Like the Heads then, Stereolab are well into their career. We’ve now got 10 Stereolab albums under our collective belts. In addition (as Ocillons From the Anti-Sun evinces), there are a myriad of EPs and singles that were previously unreleased in the United States. With the release of Fab Four Suture, Byrne’s axiomatic response to his own question reappears like a ghost in the machine. Can we say that Fab Four Suture stands out from Margerine Eclipse or any of their other releases? One thing that sets Stereolab apart from any other band out there right now, or any other band that ever existed, is the fact that they’ve successfully amalgamated so many disparate psychedelic sounds and lounge-esque genres, hip hop, and funk. One would never expect to hear someone merge the drone rock of The Velvet Underground with Os Mutantes, but Stereolab do it in almost every song. This achievement is admirable in its own right. But now that they’ve achieved it, you begin to wonder if that’s all they’ve got.

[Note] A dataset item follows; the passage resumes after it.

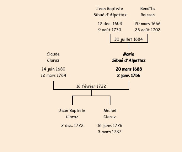 Mariée (33 ans) avec Claude Claraz (41 ans) le 16 février 1722 à Fontcouverte ![]() |

On one level, if you were to take Margerine Eclipse and Fab Four Suture and upload them onto your iPod, you may well get confused as to which track belongs on which album. If you’re not a hardcore fan of their music, you might even level the criticism that everything sounds the same. The keyboard still maintains that funky retro tonality. Yet I’ve said this before and I’ll say it again (perhaps I’m starting to sound monotonous): surface listening obscure the real details and nuggets that make this album another great experience. “Kyberneticka Babicka” parts 1& 2 book end each other, and serve as a great preface to the album: a droney vocal harmony with interesting changes. Now, it’s easy to become bored listening to this track. On the surface, it’s the same thing over and over again, but the more one listens to it, the more one hears. And the more one hears, the more one realizes that it’s not the same thing over and over again. There are many different parts that constitute “Kyberneticka Babicka.” The same could be said of any track on the album. So I guess where I’m going with this is that Stereolab’s arrangements get better and better every time. The simple fact that they can cull all sorts of strange instrumentation and noises and harmonize them into an organic song (which is also catchy, hummable, and interesting) makes them one of the most accomplished groups of musicians writing “pop-music” today. And if it sounds the same, so what? It’s an interesting sound. Furthermore, Fab Four Suture plays well as a whole. Most of the tracks are up tempo and feature changes that seem to come out of the blue, or when you least expect it.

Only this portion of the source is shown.